TRIBUNNEWS.COM, JAKARTA --- Sekjen Partai Golkar, Idrus Marham, menegaskan bahwa arah politik Partai Golkar akan diputuskan pada Rapat Pimpinan Nasional (Rapimnas) yang akan digelar pada 18 Mei mendatang. Sebelum itu kata dia Partai Golkar tidak memutuskan apa-apa.
Kepada wartawan di kediaman mantan Wakil Presiden, Jusuf Kalla, Kebayoran Baru, Jakarta Selatan, Kamis (15/5/2014), Idrus mengatakan bahwa di Rapimnas itu juga kata dia akan dipastikan status calon presiden (Capres) Ketua Umum DPP Partai Golkar, Aburizal Bakrie atau Ical.
"Rapimnas lah yang menetapkan kepastian (status capres Ical). Partai Golkar itu partai besar, taat azas, bukan partai kerumunan. Kalau tiba-tiba ada berubah, itu (partai) kerumunan," katanya.

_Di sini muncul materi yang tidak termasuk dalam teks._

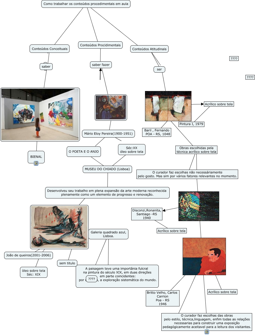 Esse mapa conceitual, produzido no IHMC CmapTools, tem a informação relacionada a: PROFESSOR, PESQUISADOR , CURADOR, ???? Acrílico sobre tela, ???? Britto Velho, Carlos Carrion Poa - RS 1946, Como trabalhar os conteúdos procedimentais em aula Conteúdos Atitudinais,, ???? Acrílico sobre tela, Galeria quadrado azul, Lisboa. ???? A paisagem teve uma importânia fulcral na pintura do século XIX, em duas direções em parte coincidentes: por um lado, a exploração sistemática do mundo., Mário Eloy Pereira(1900-1951) ???? Séc:XX óleo sobre tela, Obras escolhidas pela técnica acrílico sobre tela ????, O POETA E O ANJO ???? MUSEU DO CHIADO (Lisboa), Disconzi,Ronanita, Santiago -RS 1940 ???? Acrílico sobre tela, ???? O curador faz escolhas das obras pelo estilo, técnica,linguagem, enfim todas as relações necessarias para construir uma exposição pedagógicamente aceitavel para a leitura dos visitantes., Conteúdos Atitudinais ser, Conteúdos Atitudinais, ???? Mário Eloy Pereira(1900-1951), Obras escolhidas pela técnica acrílico sobre tela ???? O curador faz escolhas não necessáriamente pelo gosto. Mas sim por vários fatores relevantes no momento., ???? Disconzi,Ronanita, Santiago -RS 1940, Como trabalhar os conteúdos procedimentais em aula Conteúdos Procidimentais, Mário Eloy Pereira(1900-1951) ???? O POETA E O ANJO, ???? O curador faz escolhas das obras pelo estilo, técnica,linguagem, enfim todas as relações necessarias para construir uma exposição pedagógicamente aceitavel para a leitura dos visitantes., ???? Galeria quadrado azul, Lisboa.

Ical diketahui sudah menyambangi sejumlah petinggi partai, mulai dari calon presiden dari Partai Gerindra, Prabowo Subianto, Ketua Umum DPP Partai Demokrasi Indonesia Perjuangan (PDIP), Megawati Sukarnoputri, hingga calon presiden, PDIP, Joko Widodo (Jokowi).
Baik Prabowo mau pun Jokowi, berdasarkan hasil survei diketahui memiliki elektabilitas jauh lebih tinggi dari Ical. Oleh karena itu jika Partai Golkar berkoalisi dengan Partai Gerindra maupun PDIP, Ical harus menanggalkan status capresnya menjadi calon wakil presiden (cawapres). Menurut Idrus sejauh ini tidak ada pembicaraan soal Ical sebagai calon wakil presiden.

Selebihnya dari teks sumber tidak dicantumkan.